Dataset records
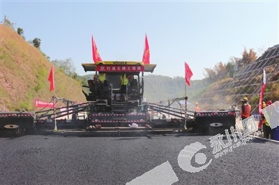 中铁五局集团重庆永璧高速公路项目路面分部负责人华登攀称,永璧高速是重庆市交通重点项目之一,项目全长25.58公里。接下来,中铁五局将以安全为前提,以质量为保障,全力以赴推进工程进度,力争明年3月底通车,相对原计划工期预计提前2个月。
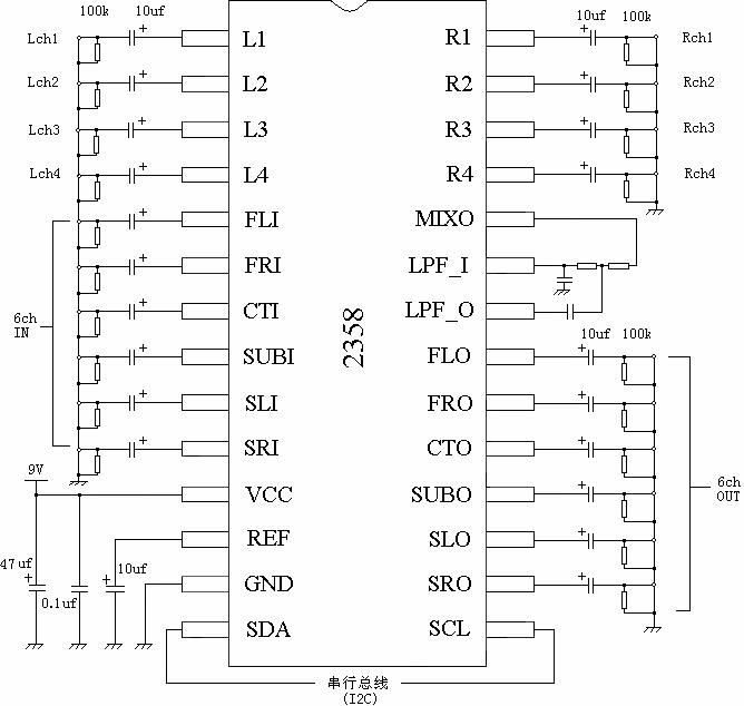 內(nèi)置2聲道——6聲道轉(zhuǎn)換器和副低頻低通濾波器;
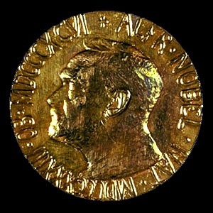 Một mặt của huy chương giải thưởng Nobel vì hòa bình
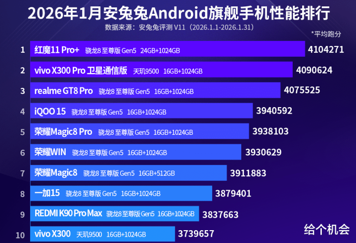 如上图所示,排行前十的手机折柳是红魔11 pro+、vivo x300 pro 卫星通讯版、realme真我GT 8 pro、iqoo 15、荣耀magic 8 pro、荣耀WIN、荣耀magic 8、一加15、红米k90 pro max、vivo x300。
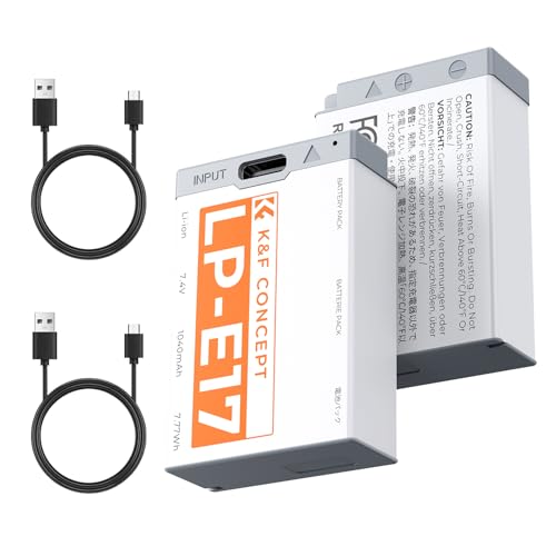 K&F CONCEPT LP-E17 Batteri 1040 mAh med USB-C-kontakt 2 batterier Kompatibelt med Canon EOS R50 R8 RP R10 R100, M6 II M5 M3 77D T6i 750D T6s 760D T7i 800D T8i 850D
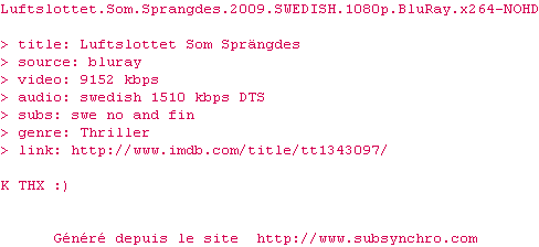 Y avez-vous pense ? Nous proposons déjà 6 sous-titres pour le film Millénium 3 - La Reine dans le palais des courants d'air. Avez-vous essaye de voir si ces sous-titres etaient compatibles avec cette release ? On vous laisse le soin de tester cela pour nous et de contribuer au site en postant le sous-titre en cas de compatiblite constatee !

Task to carry out
The result should be an exact repetition of all the records. Drop the pictures.

Result
 中铁五局集团重庆永璧高速公路项目路面分部负责人华登攀称,永璧高速是重庆市交通重点项目之一,项目全长25.58公里。接下来,中铁五局将以安全为前提,以质量为保障,全力以赴推进工程进度,力争明年3月底通车,相对原计划工期预计提前2个月。
 內(nèi)置2聲道——6聲道轉(zhuǎn)換器和副低頻低通濾波器;
 Một mặt của huy chương giải thưởng Nobel vì hòa bình
 如上图所示,排行前十的手机折柳是红魔11 pro+、vivo x300 pro 卫星通讯版、realme真我GT 8 pro、iqoo 15、荣耀magic 8 pro、荣耀WIN、荣耀magic 8、一加15、红米k90 pro max、vivo x300。
 K&F CONCEPT LP-E17 Batteri 1040 mAh med USB-C-kontakt 2 batterier Kompatibelt med Canon EOS R50 R8 RP R10 R100, M6 II M5 M3 77D T6i 750D T6s 760D T7i 800D T8i 850D
 Y avez-vous pense ? Nous proposons déjà 6 sous-titres pour le film Millénium 3 - La Reine dans le palais des courants d'air. Avez-vous essaye de voir si ces sous-titres etaient compatibles avec cette release ? On vous laisse le soin de tester cela pour nous et de contribuer au site en postant le sous-titre en cas de compatiblite constatee !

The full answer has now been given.